Exercise description →
With any pictures left out, restate word for word the lines in the listing below from the one holding "The people of" through the last.

Data segment →
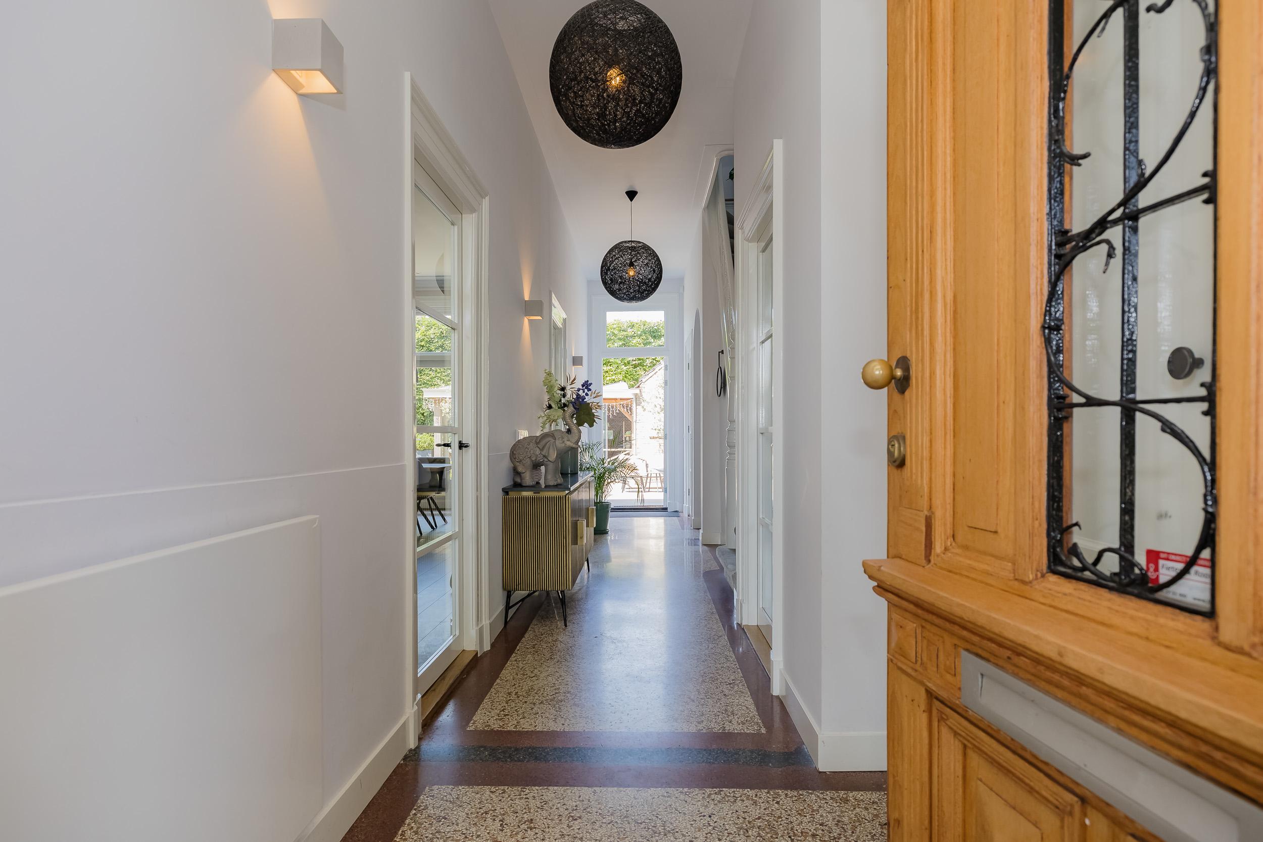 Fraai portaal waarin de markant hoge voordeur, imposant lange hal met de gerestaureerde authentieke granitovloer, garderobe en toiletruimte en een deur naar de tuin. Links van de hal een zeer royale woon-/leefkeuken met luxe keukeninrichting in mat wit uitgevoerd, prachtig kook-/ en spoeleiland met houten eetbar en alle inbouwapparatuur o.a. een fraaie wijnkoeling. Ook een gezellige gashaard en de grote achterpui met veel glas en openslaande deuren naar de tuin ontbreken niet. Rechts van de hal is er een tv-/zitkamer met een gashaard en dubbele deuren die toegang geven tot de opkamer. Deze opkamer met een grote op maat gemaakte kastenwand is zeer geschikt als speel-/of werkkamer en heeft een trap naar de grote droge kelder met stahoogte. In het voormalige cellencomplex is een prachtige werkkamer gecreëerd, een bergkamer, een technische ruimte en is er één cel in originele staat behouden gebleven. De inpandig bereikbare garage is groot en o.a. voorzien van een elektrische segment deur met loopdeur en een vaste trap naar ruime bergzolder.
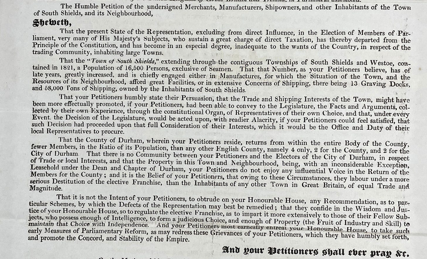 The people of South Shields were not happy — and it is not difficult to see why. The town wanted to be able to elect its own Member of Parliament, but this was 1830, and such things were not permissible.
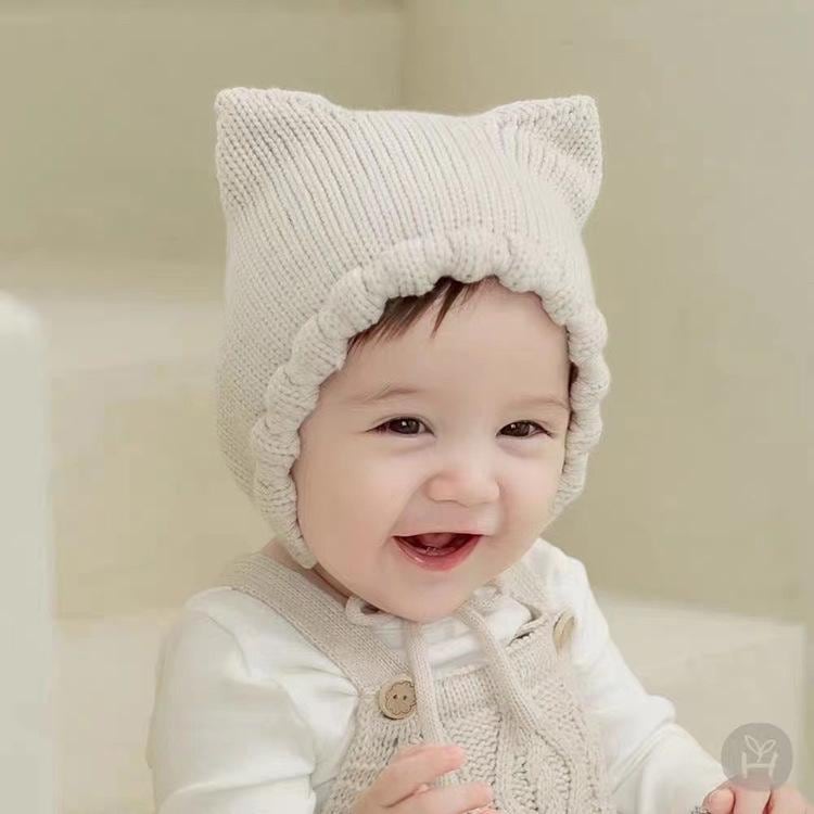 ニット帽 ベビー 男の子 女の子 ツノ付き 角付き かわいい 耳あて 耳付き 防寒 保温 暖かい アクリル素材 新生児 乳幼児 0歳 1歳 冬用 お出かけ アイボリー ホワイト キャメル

Written response →
 The people of South Shields were not happy — and it is not difficult to see why. The town wanted to be able to elect its own Member of Parliament, but this was 1830, and such things were not permissible.
 ニット帽 ベビー 男の子 女の子 ツノ付き 角付き かわいい 耳あて 耳付き 防寒 保温 暖かい アクリル素材 新生児 乳幼児 0歳 1歳 冬用 お出かけ アイボリー ホワイト キャメル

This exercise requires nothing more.